On ne l’avait pas revu depuis presqu’un an quand il a franchi la porte. Ce n’était manifestement pas la première porte qu’il poussait depuis le début de la soirée, vu qu’il ne marchait plus très droit et qu’il tanguait même assis sur le tabouret.

- Franchement, les gars,ça fait plaisir de rentrer au pays - Salut Roger, tu me sers un pastaga ? - surtout qu'il m'est arrivé un truc, même à Hollywood, ils ont rien inventé de pareil. Je vous le dis comme ça, j'étais en train de me la couler douce aux calanques, là où c'est tranquille pour attendre de repartir au petit matin, quand d'un coup, il y a eu une vague, je te jure, t'as jamais vu ça ici, bonne mère ! Et le temps que je démarre le moteur, le courant, il m'a emporté, je faisais pas trop le fier. Après, il y a eu une cascade, en pleine mer, vous me connaissez, j'suis pas un menteur et je brode presque pas, mais ma barque, elle est tombée, avec moi avec, sauf que mézigue, j'ai eu le temps de voir qu'on tombait tous les deux vers une mer en dessous de la mer, avec pas très loin une côte que j'avais jamais vu, avec un port rempli de vieux bateaux en bois. Donc quand ma barque a explosé en frappant l'autre mer, moi j'ai plongé, et pis je me suis accroché à un des bouts qui flottaient et j'ai nagé vers cette île toute la journée.

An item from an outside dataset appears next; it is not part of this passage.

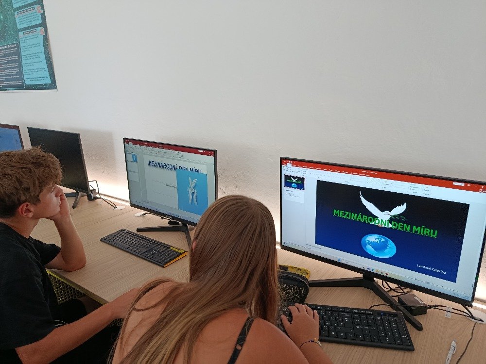 V hodinách VkO se věnovali tvorbě prezentací na téma mír ve světě – nejen z historického pohledu, ale i v souvislosti s aktuálním děním. Žáci diskutovali o důležitosti mírového soužití a zamýšleli se nad tím, co pro ně samotné mír znamená.

Tu m'en remets un autre ? Là, je suis un peu à sec, mais promis, je te paye à la fin de la semaine, oui, avec tout le reste, juré ! J'étais en train de nager quand v'là un touriste qui se ramène toutes voiles dehors sur son bateau, et il manque de me couler. Alors moi, calmement, je l'interpelle [Saligaud, assassin, flic, té, t'as pas honte d'écraser des honnêtes gens qui se noyent ?! Criminel, Parisien !] et là, qu'est ce que je vois ? Non, pas la Vierge, bougre de calu, mais une tête de chien, une vraie, mais avec un torchon enroulé sur le crâne. Et le v’là qui se met à me faire des grands gestes et à m’envoyer une corde.
Comme j’étais fatigué, je me suis dit « Té, Mario mon grand, t’es p’tête en train d’avoir des visions, mais il y a là une corde et un bateau au bout, ça serait bête de le laisser passer ». Donc, je grimpe et une fois arrivé en haut, y'a ma mâchoire qui se décroche tellement j'en crois pas mes yeux : il n'y a pas un seul humain ! Je veux dire, à ce moment, je me doutais que j'étais plus vraiment en vue de la Canebière mais quand même, je sais faire la différence entre un étranger et une bête, et là, j'ai vu que des clebs et des macaques, comme dans la rue ou au zoo, simplement plus grands et debouts, tous !
Je les voyais comme je vous vois, et croyez moi, j'ai pas encore trop bu, et j'hésitais à replonger pour me réveiller quand j'en ai vu un, le capitaine du bateau ou un truc du genre, s'approcher de moi et il me sort :
- Yqa uio ykk qefgs ?
J'avoue, j'ai rien entravé et j'ai du faire une drôle de tête puisqu'il a recommencé à baragouiner en étranger :
- ¿ Bili arsy ? Puis, il m'a regardé en penchant la tête et il s'est mis à articuler un truc du genre :
- Jwusfep høs fiv ?
Là, il avait réussi à me perdre complètement, j'aurais donné mon maillot de l'Olympique à celui qui aurait pu m'expliquer ce que je faisais sur cette fichue barcasse !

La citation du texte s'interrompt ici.